> **GIVEN DATA**
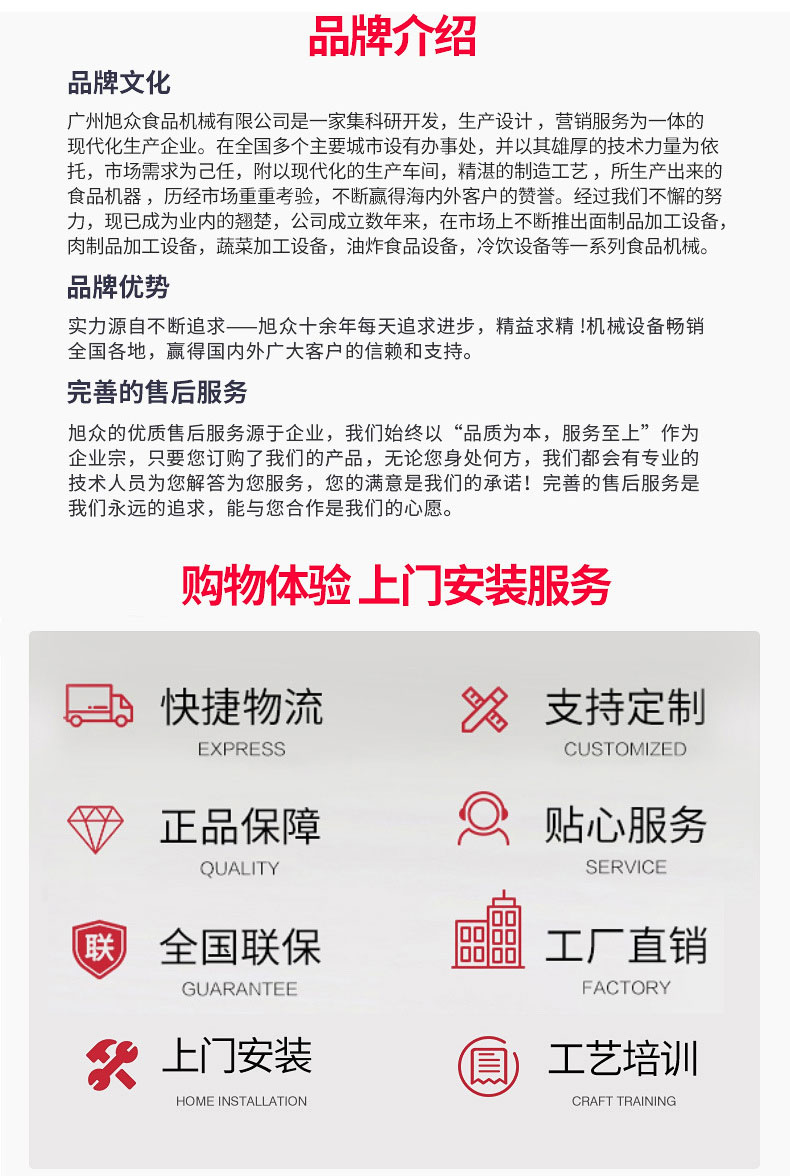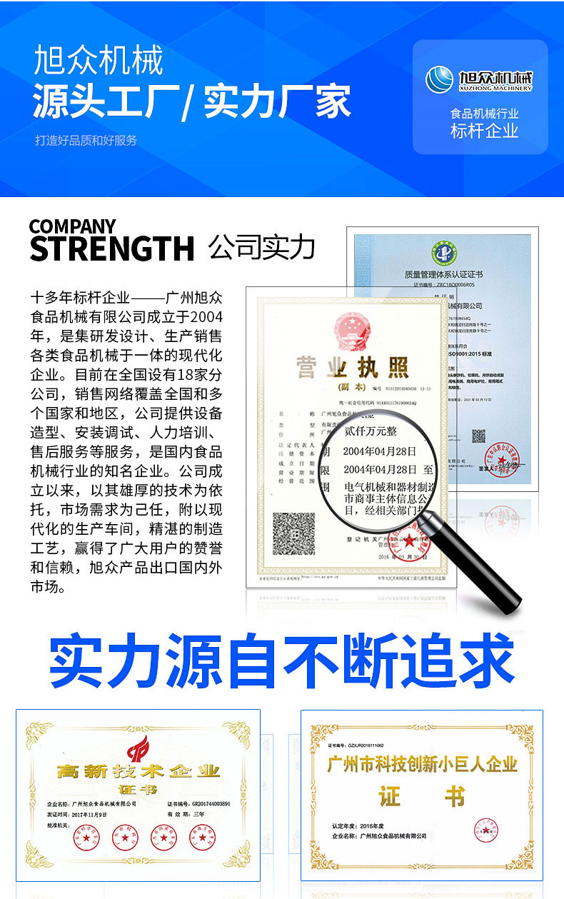 廣州旭眾食品機(jī)械有限公司是一家集科研開發(fā),生產(chǎn)設(shè)計(jì),營(yíng)銷服務(wù)為一體的現(xiàn)代化生產(chǎn)企業(yè)?,F(xiàn)代化生產(chǎn)車間,精湛制造技術(shù),所產(chǎn)機(jī)械歷經(jīng)市場(chǎng)重重考驗(yàn),不斷贏得海內(nèi)外客戶的贊譽(yù)。
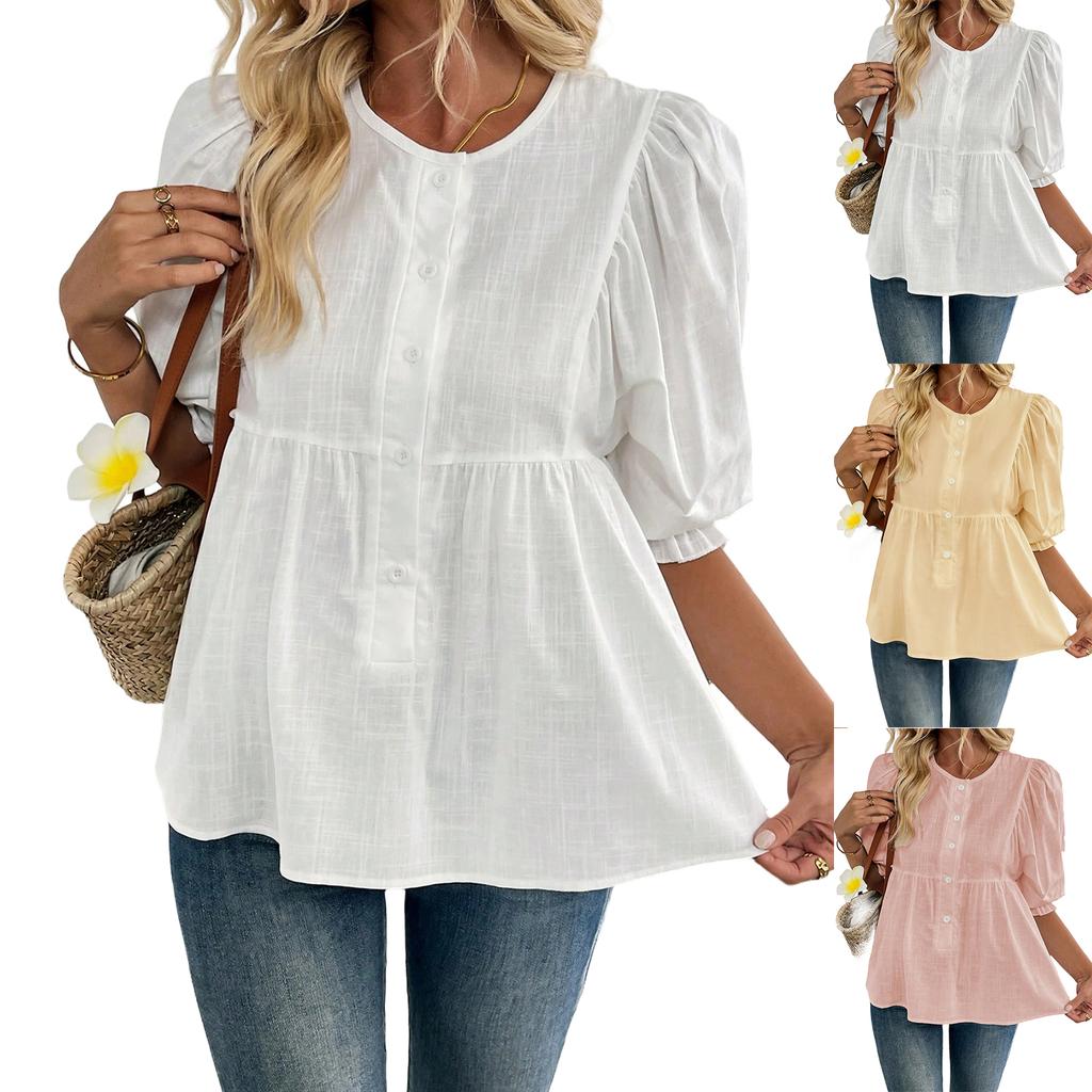 Damenmode Lässiges Kurzarm-Hemd mit Knopfleiste
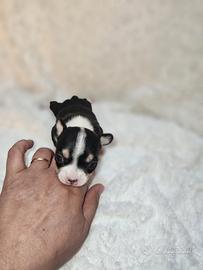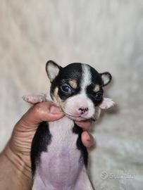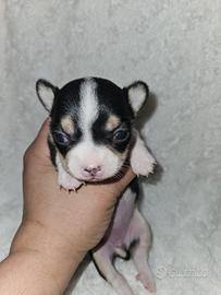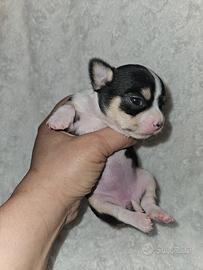 Disponibile alla prenotazione bellissima cucciola di chihuahua nano tricolore a pelo corto maschera nera. La piccola verrà ceduta al compimento dei due mesi con doppia sverminazione, primo e secondo vaccino, libretto sanitario e visita veterinaria, abituata al telo igienico, trattamento antiparassitario, microchip con relativo passaggio di proprietà all'ASL veterinaria e PEDIGREE ENCI. Sarà socializzata con altri cani e gatti e crescerà in ambiente familiare giocando con bambini. NON È ASSOLUTAMENTE IN REGALO ALLEVAMENTO CUCCIOLISOLE anche whatsapp al 329 6954062
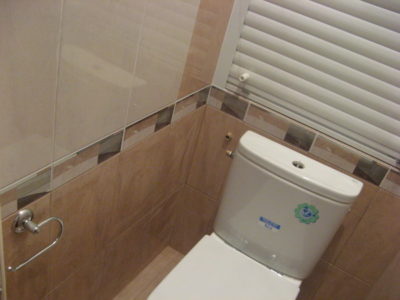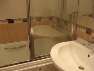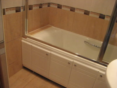 Мы выполнили ремонт ванной комнаты и туалета на большой Черемушкинской в едином стилевом решении. Для отделки стен и пола использовались керамические плиты нежных оттенков (розовый и бежевый). По центру боковых поверхностей уложена декоративная фреза. В туалете установлен унитаз, а инженерные коммуникации скрыты за защитным экраном с вертикальными жалюзи. В ванной комнате мы смонтировали ванну, укомплектованную раздвижными стеклянными шторами и умывальник модели «Тюльпан». На стену повесили большое зеркало, а полость под ванной задекорировали белыми фасадами. Цена ремонта — 122 тысячи рублей. Расходы на черновые материалы — 33 тыс. р.
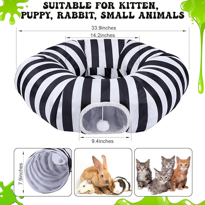 - Spooky Fun for Small Pets: the black and white striped Halloween cat donut tunnel, enhancing your home's spooky Halloween vibe; And with the size is 33.9 x 14.2 x 9.4 inch the Halloween cat tunnel ideal for kittens, guinea pigs, and rabbits to run, hide, and explore
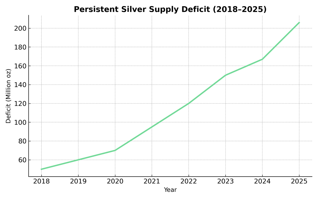 Với nguồn cung bị kìm hãm và nhu cầu ngày càng tăng, tình trạng thâm hụt bạc tiếp tục mở rộng. Theo Crux Investor, mức thiếu hụt nguồn cung bạc toàn cầu dự kiến sẽ đạt 206 triệu ounce vào năm 2025, một xu hướng có khả năng kéo dài. Chính sự thiếu hụt mang tính cấu trúc này là nền tảng cho câu chuyện tăng giá dài hạn của bạc.
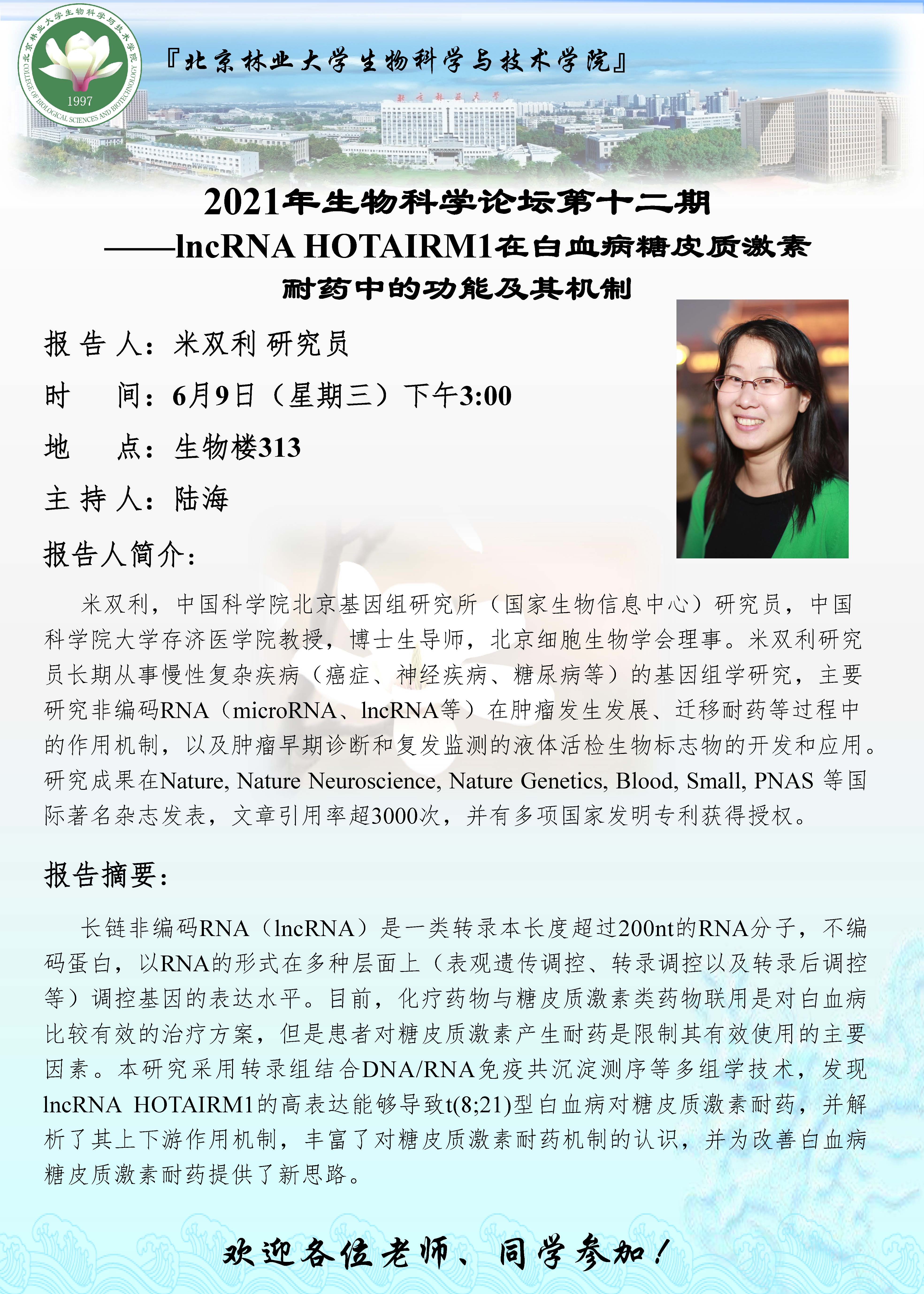 2021年生物科学论坛第十二期——米双利 研究员
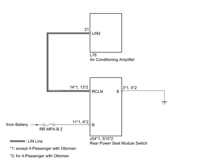 The LIN communication of the components related to the rear heater occurs between the air conditioning amplifier (A/C ECU) and rear power seat module switch.
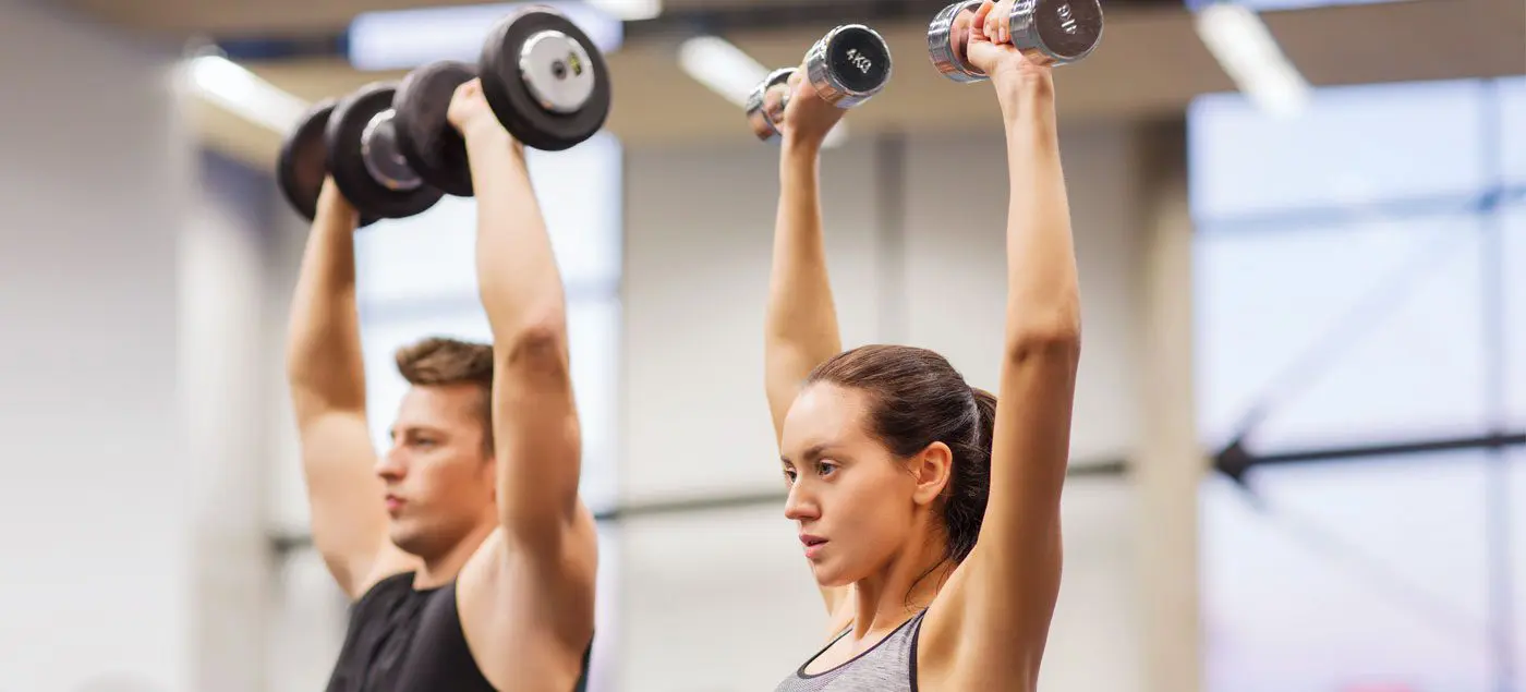 So, to start, you need to push the weights straight up above your head. The vertical motion range and the stability in doing so are what is going to activate your lateral, anterior and posterior deltoids together at the same time and give you generally stronger shoulders. Ensure, though, that you keep a slight bend in your arms at the top of the movement. Do not lock your elbows!

> **PROBLEM**
Repeat the exact lines from the first line of the data through the line containing "Disponibile alla prenotazione". Nothing else, no pictures.

> **EXERCISE RESULT**
 廣州旭眾食品機(jī)械有限公司是一家集科研開發(fā),生產(chǎn)設(shè)計(jì),營(yíng)銷服務(wù)為一體的現(xiàn)代化生產(chǎn)企業(yè)?,F(xiàn)代化生產(chǎn)車間,精湛制造技術(shù),所產(chǎn)機(jī)械歷經(jīng)市場(chǎng)重重考驗(yàn),不斷贏得海內(nèi)外客戶的贊譽(yù)。
 Damenmode Lässiges Kurzarm-Hemd mit Knopfleiste
 Disponibile alla prenotazione bellissima cucciola di chihuahua nano tricolore a pelo corto maschera nera. La piccola verrà ceduta al compimento dei due mesi con doppia sverminazione, primo e secondo vaccino, libretto sanitario e visita veterinaria, abituata al telo igienico, trattamento antiparassitario, microchip con relativo passaggio di proprietà all'ASL veterinaria e PEDIGREE ENCI. Sarà socializzata con altri cani e gatti e crescerà in ambiente familiare giocando con bambini. NON È ASSOLUTAMENTE IN REGALO ALLEVAMENTO CUCCIOLISOLE anche whatsapp al 329 6954062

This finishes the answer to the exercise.